Key element of Mobility as a Service (MaaS) is that MaaS operators can aggregate solutions of multiple transport companies to deliver dynamic, transparent multi-modal travels to their users, who experience transportation as managed directly by a single operator. To enable MaaS, within the Smart Mobility for All EIT Project, we created SMAll, a platform (and its related wiki) where providers of transport solutions can trade their information as well as other services for mobility, like booking, payment, and travel assistance, on demand. SMAll includes the latests technologies in terms of provision, deployment, scaling, and maintenance of applications: microservices and containerisation.
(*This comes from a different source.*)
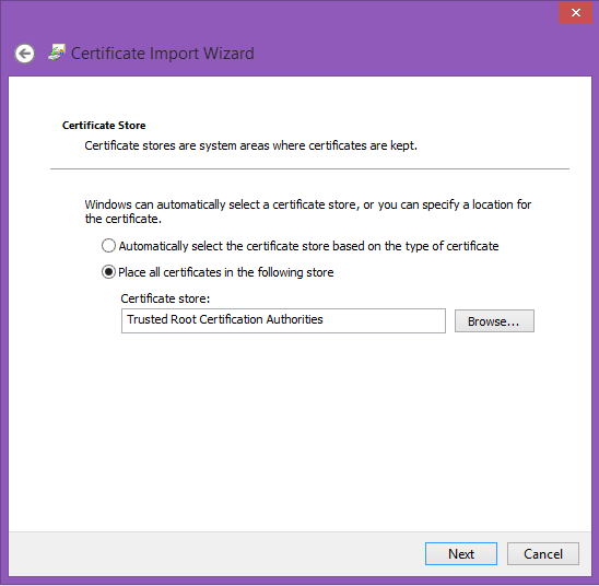 - Select Place all certificates in the following store, then browse for Trusted Root Certification Authorities:
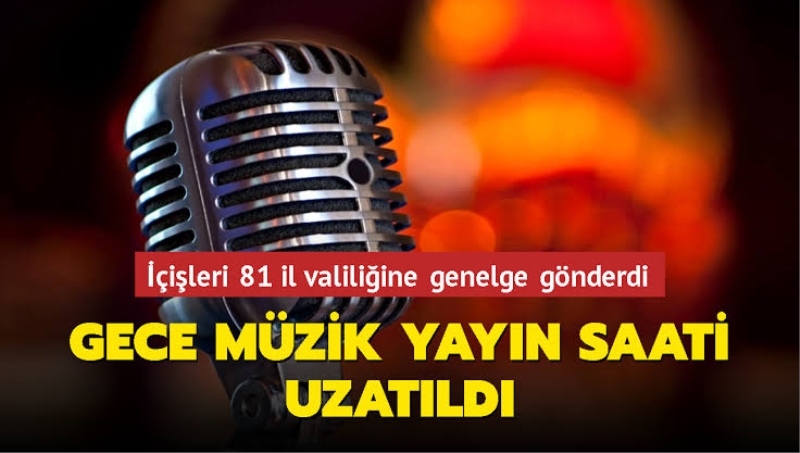 İçişleri Bakanlığı, 81 il yönetimine bu konuda bir genelge gönderdi. Genelgede, 'Pandemi sürecinde saat 24.00'te sona erecek şekilde belirlenen müzik yayın saatinin yaklaşan yaz mevsimi ve beraberindeki turizm hareketliliğine bağlı olarak uzatılmasına dair talepler Sağlık Bakanlığı, Çevre, Şehircilik ve İklim Değişikliği Bakanlığı, İçişleri Bakanlığı ile Kültür ve Turizm Bakanlığınca birlikte değerlendirildi ve müzik yayın saati gece 01.00'e kadar uzatıldı.' denildi

In addition, SMAll supports the creation of a federation-based MaaS market, where a SMAll instance is a hub for local (e.g., city-wide) transport operators and geographically sparse SMAll instances can federate to form a global market for MaaS. To test SMAll, we also implemented pilots within the platform, collaborating with the Department of Transportation of Regione Emilia-Romagna, Lepida S.p.A., and Foundazione Bruno Kessler.
The Tquery project is a query framework integrated in the Jolie language for the data handling/querying of Jolie trees. Tquery is based on a tree-based instantiation (language and semantics) of MQuery, a sound variant of the Aggregation Framework, the query language of the most popular document-oriented database: MongoDB. Tree-shaped documents are the main format in which data flows within modern digital systems — e.g., eHealth, the Internet-of-Things, and Edge Computing. Tquery is particularly suited to develop real-time, ephemeral scenarios, where data shall not persist in the system.
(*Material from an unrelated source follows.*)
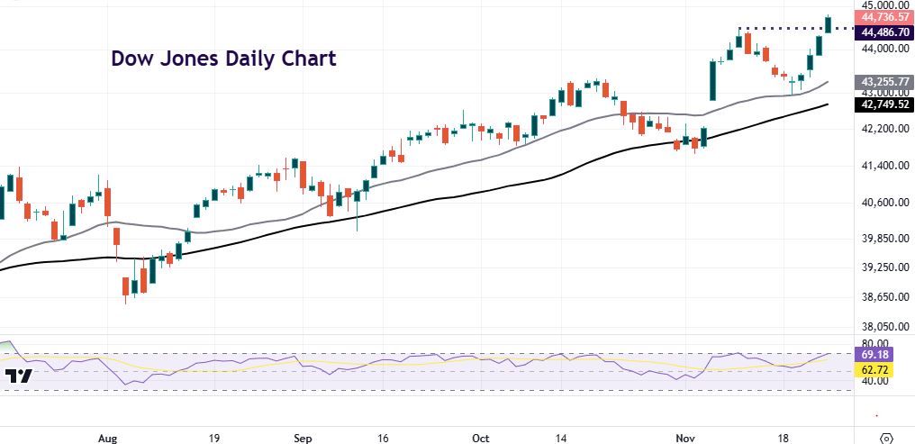 A fifth day of consectuive gains saw the Dow Jones Industrial Average push north to new record highs. The Bessent pick pleased stock bulls. Some commentators are talking about TINA again but in a slightly different context to recent times. ‘There Is No Alternative’ has previously been used to describe stocks generally being the only asset class to buy. Now it refers to US equities due to US exceptionalism and Trump unleashed. America is sucking growth away from the rest of the world and this contrasts sharply, as we have said, with other regions. What will change this current overwhelming theme for endless record highs in US stocks?

Zephyrus2 is a tool that starting from a simple description of the software components that can be deploy, with their requirements and resources needs, it can compute what is the optimal deployment solution that satisfies all the user needs. Zephyrus2 relies on SMT or CP solvers for the exploration of the search space and provides a new declarative specification language to define the desired configuration and user preferences. It can be deployed as a service by using the Docker container technology.
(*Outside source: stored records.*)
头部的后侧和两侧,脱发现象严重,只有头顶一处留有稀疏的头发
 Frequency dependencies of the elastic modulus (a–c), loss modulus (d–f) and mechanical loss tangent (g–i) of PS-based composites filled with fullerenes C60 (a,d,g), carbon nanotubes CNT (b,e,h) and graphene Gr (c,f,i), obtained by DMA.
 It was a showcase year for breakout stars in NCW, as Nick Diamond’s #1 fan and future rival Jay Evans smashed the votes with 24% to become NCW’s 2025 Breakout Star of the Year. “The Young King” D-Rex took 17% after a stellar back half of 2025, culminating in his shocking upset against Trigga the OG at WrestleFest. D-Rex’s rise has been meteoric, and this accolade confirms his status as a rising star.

sunny-cp is a parallel parallel portfolio solver that allows to solve a Constraint (Satisfaction/Optimization) Problem defined in the MiniZinc language. sunny-cp is built on top of state-of-the-art constraint solvers, including: Choco, Chuffed, G12/LazyFD, G12/FD, G12/Gurobi, G12/MIP, Gecode, HaifaCSP, JaCoP, MinisatID, OR-Tools, Picat that are used to provide a faster and better global solver. sunny-cp performed very well in the MiniZinc Challenge, the international solver competition for the evaluation of CP solvers, winning three goal medals in the editions of 2015, 2016, and 2017. sunny-cp can be deployed as a service by using the Docker container technology.